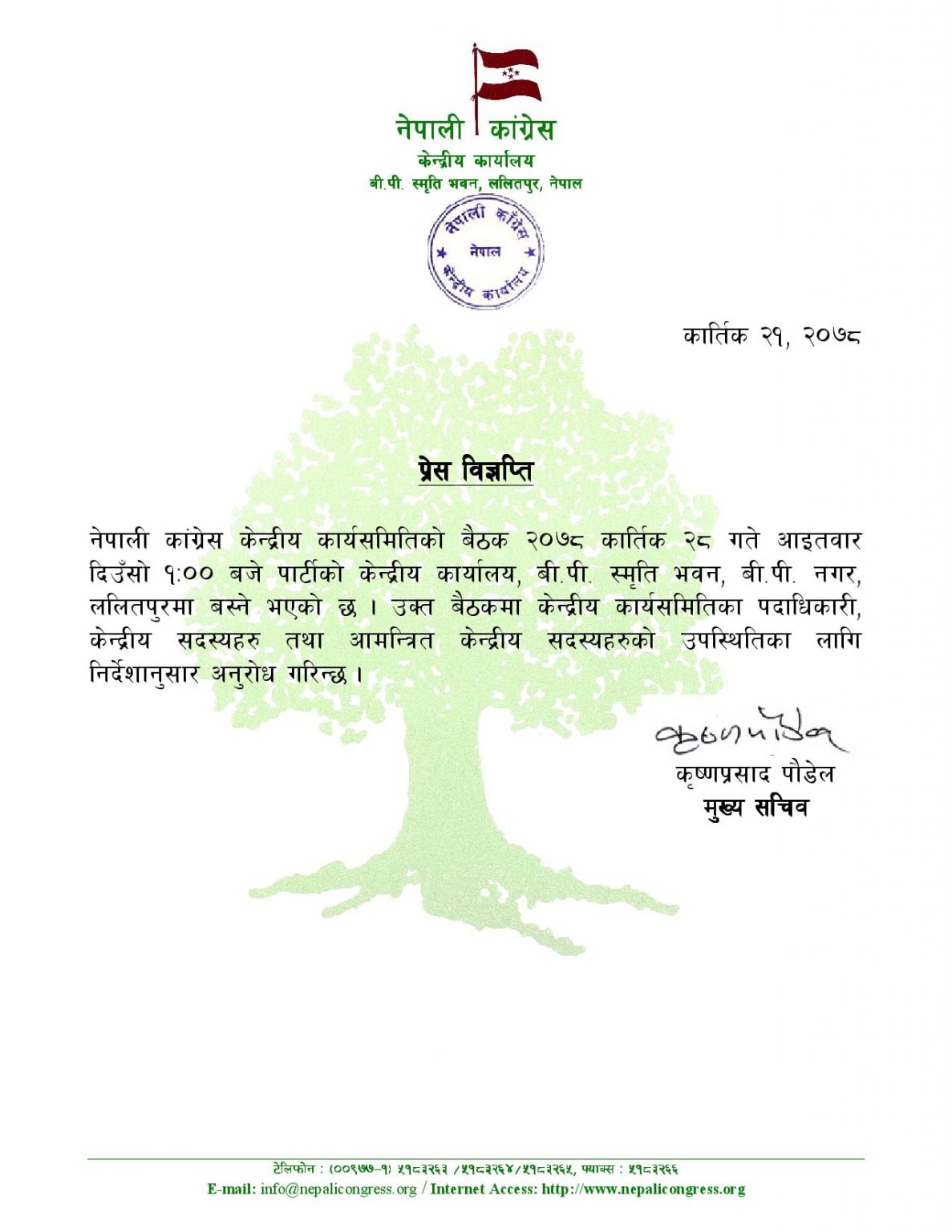 काठमाडौं । नेपाली कांग्रेसको केन्द्रीय समिति बैठक कात्तिक २८ गते बस्ने भएको छ ।
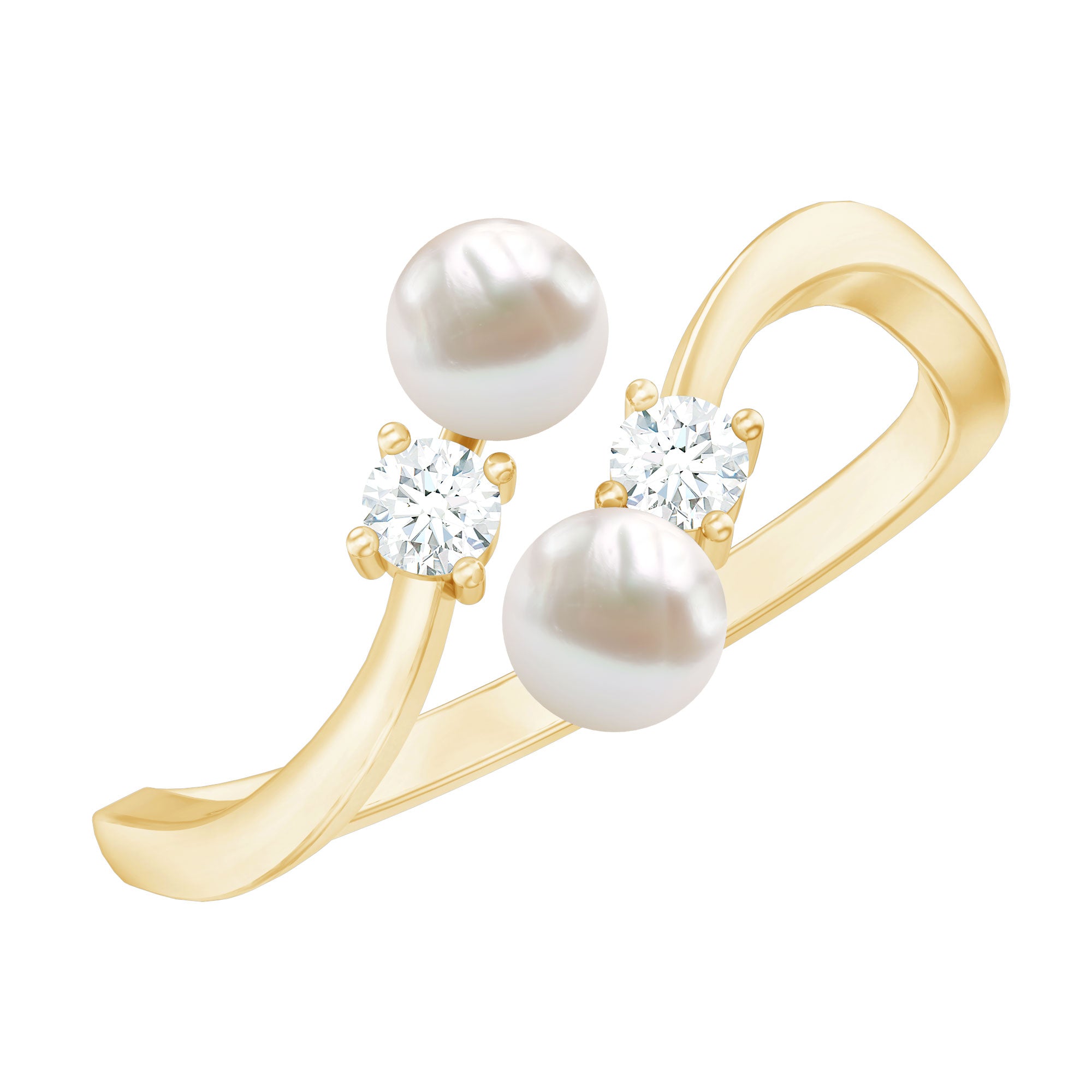 Celebrate the union of two souls with this exquisite Freshwater Pearl Wrap Ring, a perfect gift for your beloved woman. Crafted in a captivation wrap style featuring two Cultured Freshwater Pearl with round Diamond stones adds a touch of brilliance and sparkle. This ring beautifully represents the coming together of two individuals in love. Let this ring be a cherished reminder of your love and unity.
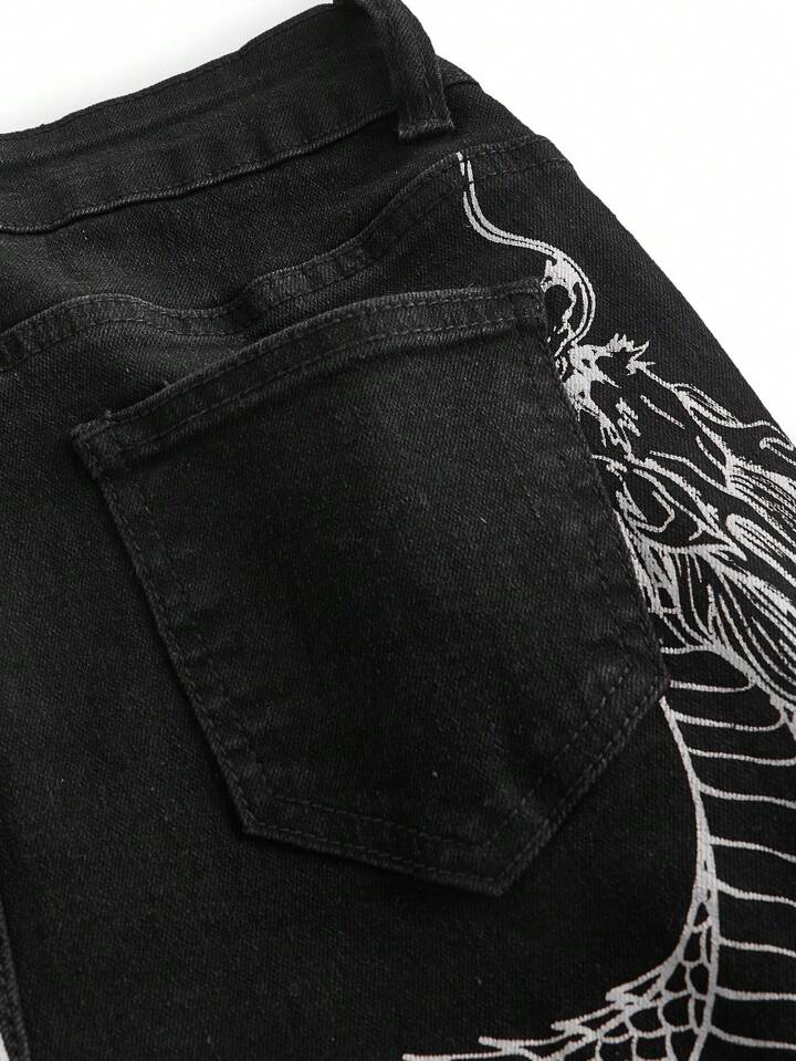 Grunge Punk Große Größen Weite Bein Lässig Denim mit Allover-Muster, Schule

___

- **What the task asks**
Return each line from the material above exactly, but not the pictures.

- **Output below**
 काठमाडौं । नेपाली कांग्रेसको केन्द्रीय समिति बैठक कात्तिक २८ गते बस्ने भएको छ ।
 Celebrate the union of two souls with this exquisite Freshwater Pearl Wrap Ring, a perfect gift for your beloved woman. Crafted in a captivation wrap style featuring two Cultured Freshwater Pearl with round Diamond stones adds a touch of brilliance and sparkle. This ring beautifully represents the coming together of two individuals in love. Let this ring be a cherished reminder of your love and unity.
 Grunge Punk Große Größen Weite Bein Lässig Denim mit Allover-Muster, Schule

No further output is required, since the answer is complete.